Over the years, LEGO building blocks have been a source of hours of endless entertainment for kids (and kids at heart) worldwide. Encouraging creativity and unintentionally rewarding children for selfishly bogarting all the pieces of a particular color, all sorts of interesting things can be made out of a decently sized tub of LEGO bricks.
However, there will always be people who do their best to go beyond the acceptable limit for awesomeness (and subsequently ruin playtime for everyone else). In sharp contrast to the “cars” (four wheels attached to a couple of long bricks), “buildings” (four tall walls of different-colored bricks), and “robots” (leftover pieces and random plates that nobody else wanted) that children make on a Sunday afternoon, these five LEGO masterpieces were made by enthusiasts who seem to take LEGO a bit too seriously.
A 3D Printer
Printers are nasty box-type things that never work properly when you need them to. Add “3D” before the word “printer”, though, and it automatically becomes amazing. Add “Lego” to that, and people’s heads will start exploding within a fifty-mile radius. Armed with this knowledge (and a ton of LEGO bricks), Arthur Sacek went on to build a fully functional 3D printer, the LEGO 3D Milling Machine, consisting almost entirely of Lego pieces. The only part of this machine that isn’t a LEGO brick is the drill bit that it uses to shape foam into accurate representations of digital models. Actually, this isn’t the only thing he’s managed to build using LEGO pieces, but by far, it’s one of the most remarkable. In fact, there’s a 2.0 version of the 3D printer that holds the foam using something that functions like a pig spit, leading us to wonder if a LEGO chicken roaster is on the way as well.
Guns
Guns are already inherently cool, but guns made out of LEGO? That’s like making a salad made out of bacon, cheese, and more bacon – not a good idea, but an undeniably awesome one that everyone else will want to imitate. Sebastian Dick came up with the idea to make a minigun out of – you guessed it – LEGO, and the result is a colorful 8-barrel powerhouse that shoots rubber bands at an approximate speed of 11 bands per second. That’s not the only “real” LEGO gun in existence, either; in fact, there are enough of them in real life to make the Punisher happy. Jack Streat has made fully functional and presumably – hopefully – non-lethal versions of submachine guns, rifles, and pistols, which should probably make anyone think twice about bullying LEGO nerds from now on.
Cloning Machines
By using LEGO MindStorms software, Andreas Dreier created the Cube Replicator, which actually sounds more like a throwaway gadget from an old Star Trek movie than an awe-inspiring device of massive humanity-enslaving potential. The machine scans LEGO cubes made out of different-colored bricks, analyzes them, and then proceeds to make exact copies of them using the same components.

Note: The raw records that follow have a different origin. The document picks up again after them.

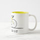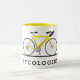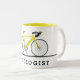 Cycologist text and yellow bicycle Two-Tone coffee mug
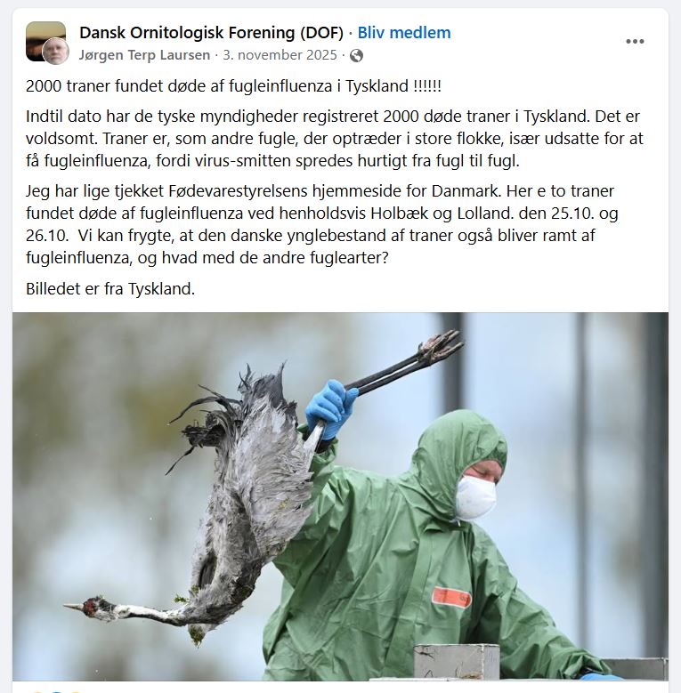Traner har ligeledes været ramt af sygdom i efteråret 2025, og på fuglenes rastepladser i Tyskland har man registreret store mængder syge traner. Tryk her og læs mere.
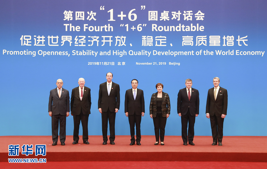 新華社北京11月21日電? 國務院總理李克強21日上午在釣魚臺國賓館同世界銀行行長馬爾帕斯、國際貨幣基金組織總裁格奧爾基耶娃、世界貿易組織副總干事沃爾夫、國際勞工組織總干事賴德、經濟合作與發展組織秘書長古里亞和金融穩定理事會主席夸爾斯舉行第四次“1+6”圓桌對話會。會議圍繞“促進世界經濟開放、穩定、高質量增長”的主題,就優化營商環境和推進更高水平開放等議題深入交流。

Also, take a look at this contraption, which scans any object and determines the kind and color of LEGO pieces necessary to make a LEGO version of it as similar in appearance to the original object as possible. If that doesn’t scare you, well… Guess we’ll just see you in the slave mines when our LEGO overlords inevitably take over the planet.
A Gigantic Ball Contraption
What’s the point of a gigantic LEGO ball contraption, you ask? Why not make something practical, like perhaps a LEGO business phone, or a LEGO laptop? Well, if you feel the need to ask in the first place, that only means you’re missing the point. Come on, It’s a gigantic LEGO ball contraption. What’s not to like about that? Seriously, just watch this video and tell me that this doesn’t fill you with a warm, fuzzy feeling inside.
A Lego House
In a special Lego-themed episode of his television program about bringing favorite toys of the past into the modern age, television presenter James May pushed LEGO to its logical limits. Five years ahead of that singer who looks like Ron Weasley, May unleashed upon the world a LEGO house – a perfectly habitable structure made entirely out of multi-colored LEGO bricks, built on an empty space in Dorking, Surrey. With the help of 1200 volunteers, 3.3 million LEGO pieces were used to build the house. Unfortunately, it had to be dismantled because it was too expensive to send to LEGOLAND in Windsor, and because the owner of the land it was built on needed the space for a decidedly non-LEGO structure. Knowing May, though, he and his friends Jeremy Clarkson and Richard Hammond probably thought of driving through the poor house during a Top Gear taping.
Kind of makes you want to disassemble that LEGO “race car” you’re so proud of, no?